At the risk of sounding cliche, this is temporary and you will get through it, and I need to keep telling myself the same thing. I’ve actually started to despise gym culture and despite still absorbing similar content, I can feel my drive switching away from it. I am determined to make a positive out of my current situation. My lat is not going to be a long-term concern, but my adductor is making me afraid to do any legs right now and it even occasionally hurts a great deal when I walk - which makes me useless when trying to coach the girls football. Rehab is not working at all and I may need to look into some kind of surgery.

My wrist injury made me focus on losing that extra 20lbs I’d been carrying since my dreamer bulk. Long-term that must be a blessing.

I’ve started actually doing a bit of regular cardio in my current situation which I endeavor to keep up, but I think the lesson this time around for me is I’m not trying to be a powerlifter OR a bodybuilder, why am I drawing such inspiration and putting so much of my headspace into it? I can be dedicated and move forward in strength and aesthetics without micromanaging so much, constantly toying with different ideas. Enjoyment is KEY and I need to fall in love with the gym again without worrying about my insecurities.

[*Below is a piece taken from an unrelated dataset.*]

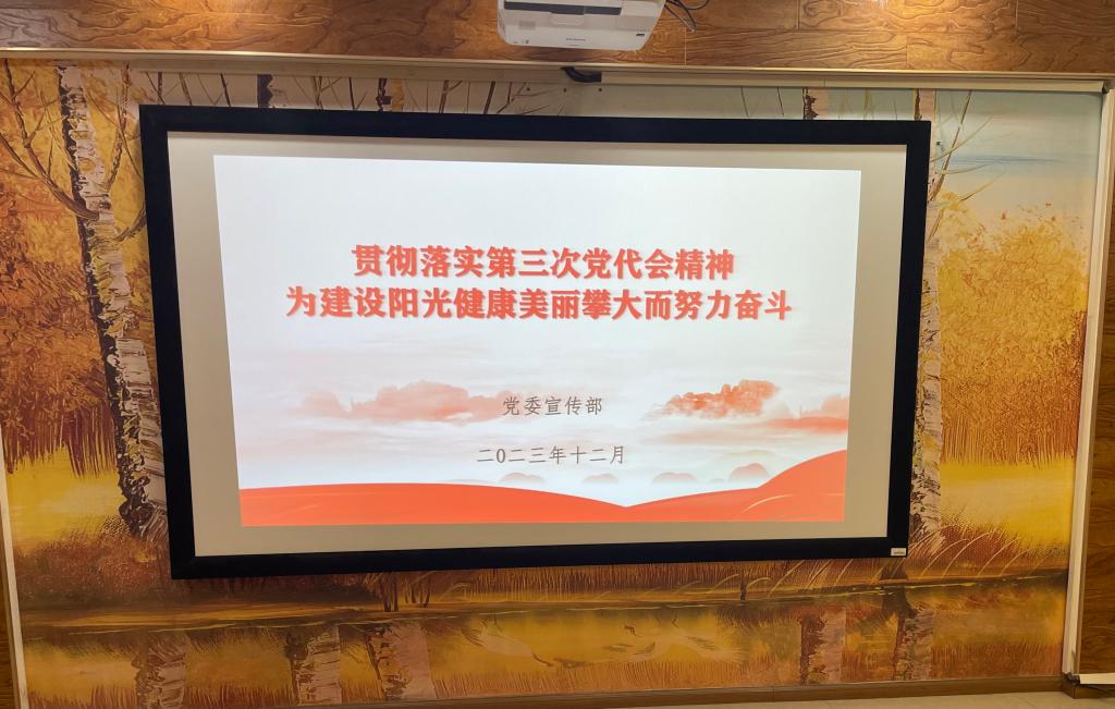 为深入学习贯彻集团第三次党代会精神,12月22日,三亿在凌云楼茶艺室开展第三次党代会精神宣讲。公司党总支副书记王春梅作了《贯彻落实第三次党代会精神为建设阳光健康美丽攀大而努力奋斗》的专题报告,三亿全体教职工和部分员工代表参加会议。

The only reason you and I read so much is because we love it, and this topsy-turving you like to do serves nothing but to hinder progress. I believe reading Andy Bakers Upper Lower Hypertrophy could solve this for you as it did for me. It completely silenced my overthinking a long time ago. It’s not a program, but a teaching of a method that will allow you to see how many of the hypertrophy programs you see aren’t unique and all follow the same principles in slightly different packages. By the end you’ll be able to come up with something YOU want, that YOU believe in, that YOU’LL enjoy. That time you gain back can then be spent on more productive things.

I pretty much don’t bump into any of my lad mates either, I lost most of them when I stopped going out drinking and realized that the majority of them weren’t really friends but acquaintances. I can’t shake the feeling of I’m moaning too much if I try to open up to any of the guys in my life as we’ve all got complex things going on. I definitely need to talk though as I’ve been a right wet wipe these past few weeks.

All the best man.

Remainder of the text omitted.